Operation Totalize, 1944

Published on
Review Author(s)
Book Author(s)
Stephen A. Hart
ISBN
978-1-4728-1288-9
Other Publication Information
Illustrator: Johnny Shumate, 96 pages, paperback
MSRP
$24.00
Product / Stock #
Campaign 294
Company: Osprey Publishing - Website: Visit Site
Provided by: Osprey Publishing - Website: Visit Site
Front cover

This book covers the British/Canadian offensive to close the Falaise Pocket. After D-Day, the Allies were in a pocket surrounded by German troops and the ocean, and pretty much stuck in Normandy. The Wehrmacht, thinking the British forces in the north part of the pocket to be more likely to go on the offensive, moved their spare forces north to block a breakout.

The Allies were planning dual offenses in late July, having brought reinforcements in across the beaches and through the ports they held. Bad weather postponed these until Operation Cobra, the attack by the Americans in the south began.

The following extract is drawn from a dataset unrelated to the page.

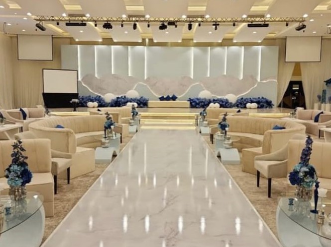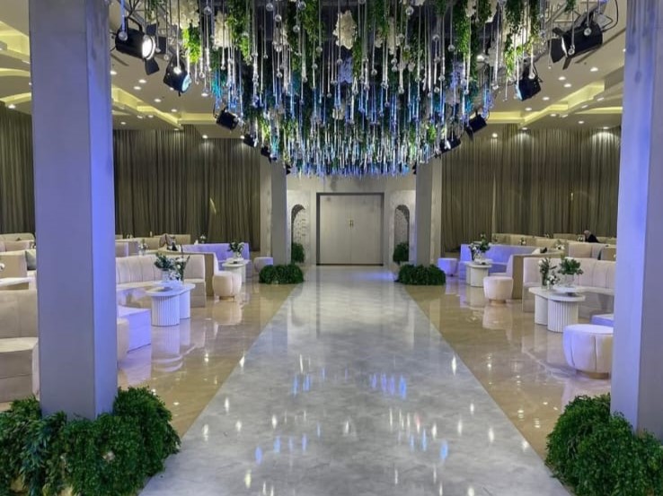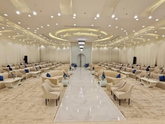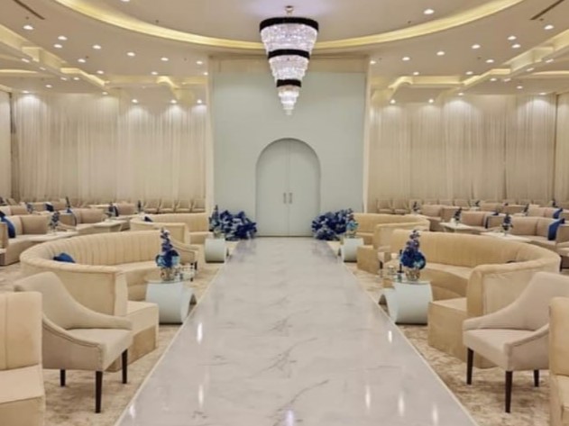 ثريات كريستالية ضخمة، أرضيات رخامية لامعة، أثاث فاخر مريح، وإنارة حديثة تعكس أجواء ملكية تضيف لمسة فخامة على كل لحظة.
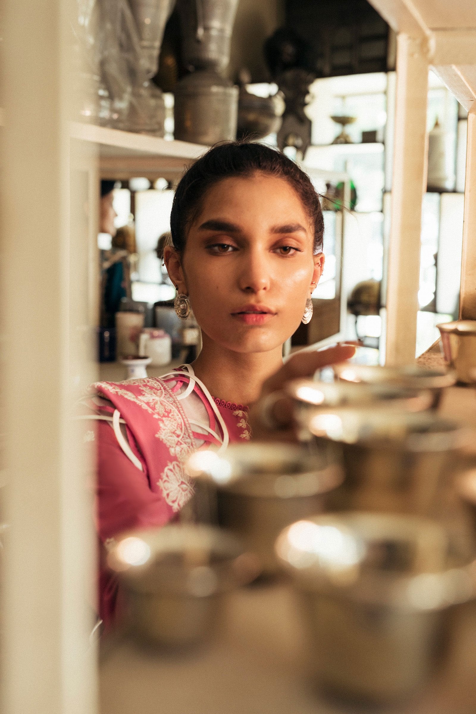 A sumptuous taffy pink khaddar is artfully illustrated with intricate embroidery depicting lush flora in bloom in ‘Manijeh.’ Accompanied by our cozy and artistic woollen blend chaddar, this sophisticated design epitomizes refined elegance.

Cobra effectively destroyed the German defenses in the south, but left the center and northern forces intact.

The armored force continued to advance, and began to encircle the German forces opposite the center.

The idea of Operation Totalize was to strike through the Wehrmacht’s front south-southeast toward the town of Falaise, meeting up with the American force from Cobra to completely enclose the German forces.

Totalize was an offensive by Canadian II Corps. The plan was for a combined arms armor/infantry/artillery attack against a portion of the German line, which would then be followed up with a breakout by two armored columns. The biggest idea in the first stage of the offensive was that the infantry was mounted in armored carriers. These were improvised from Priest SP artillery, by removing the gun.

The attack began at 11:30 PM (2330 hrs) on August 7th, with the Canadian column on the left and the British on the right. The plan worked pretty much as hoped. The second phase was slow to start, got lost, and ran into the SS Panzer division Hitlerjugend, which stopped them far short of the objective.

The book consists of 10 sections

  • Introduction
  • Chronology
  • Opposing commanders
  • Opposing armies
  • Opposing plans
  • The campaign
  • Aftermath
  • The battlefield today
  • Further reading
  • Index

Dr. Hart, who is a lecturer at Sandhurst, has many insightful ideas and interesting facts for this book. The concept most people have of the ground war in World War II in Europe was that except for the Ardennes, we had it pretty easy. This book disabuses that idea.

Many thanks to Osprey Publishing for the review book, and to IPMS USA for the chance to review it.